Increase visibility of auto-generated tasks for RAID errors
Closed, ResolvedPublic

Description

We failed to track several auto-generated tasks for RAID errors, specially T215892: Degraded RAID on cloudvirt1024

Let's evaluate if we can increase the visibility of these auto-generated tasks by subscribing concrete people to the task, and adding the task to a concrete tag.

This is part of https://wikitech.wikimedia.org/wiki/Incident_documentation/20190213-cloudvps

Event Timeline

We discussed this a little bit yesterday, and T216088 was filed to further discuss this.
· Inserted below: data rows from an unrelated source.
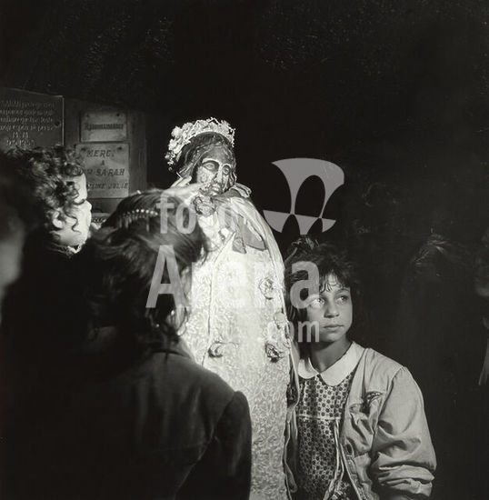 akg433418 France / Sinta and Roma (Romani) people. Woman and children in front of a statue of Saint Sarah in the crypt of the church of Saintes-Maries-de-la-Mer. Photo, France, 1950/60s.
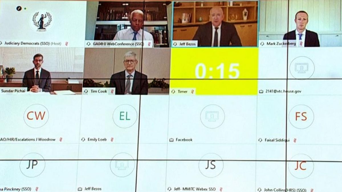 CEOs Tim Cook of Apple, Jeff Bezos of Amazon, Mark Zuckerberg of Facebook and Sundar Pichai of Google were grilled for more than five hours in the unprecedented joint appearance -- by video -- before a House of Representatives panel investigating market dominance.
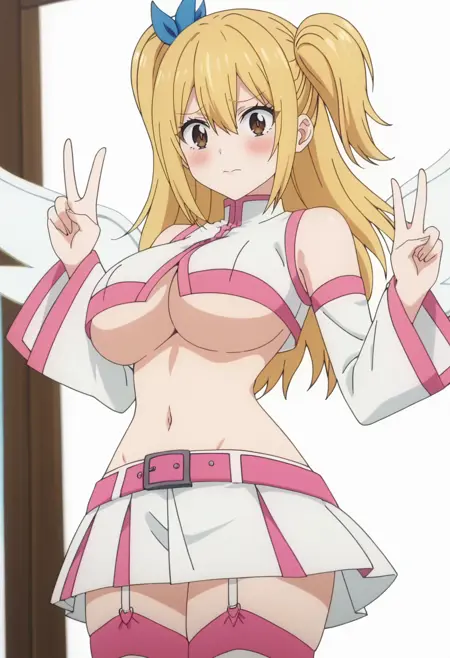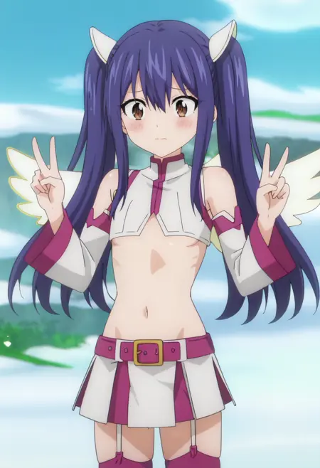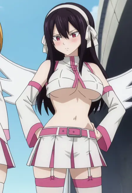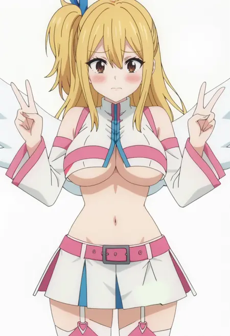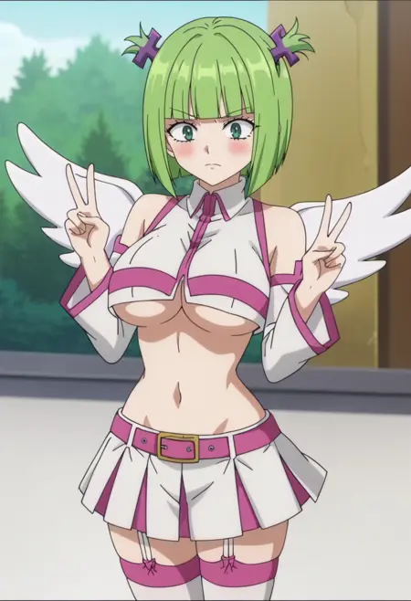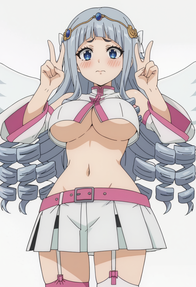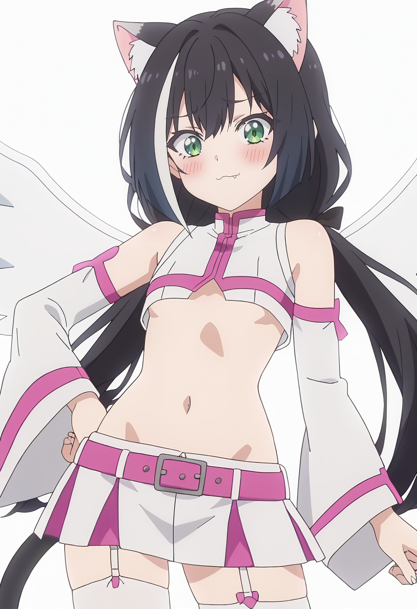 • 其他有用提示: lilieloutfit1,miniskirt, white thighhighs, long sleeves, detached sleeves, navel, pleated skirt, angel wings, midriff, crop top, underboob, garter straps, white wings, wing hair ornament, pink belt, wings, under boob, belly, garter belt, thighhighs, bare shoulders, no bra,

Help there is welcome :)

I wonder, until we sort all this out, could we perhaps address this underlying problem with a simple Herald rule?

For what is worth, I do have a Herald rule that automatically subscribes me to any degraded RAID ticket for the databases and that proved to be a good way to get my attention, as otherwise monitoring the Operations queue is hard and it is easy to miss things.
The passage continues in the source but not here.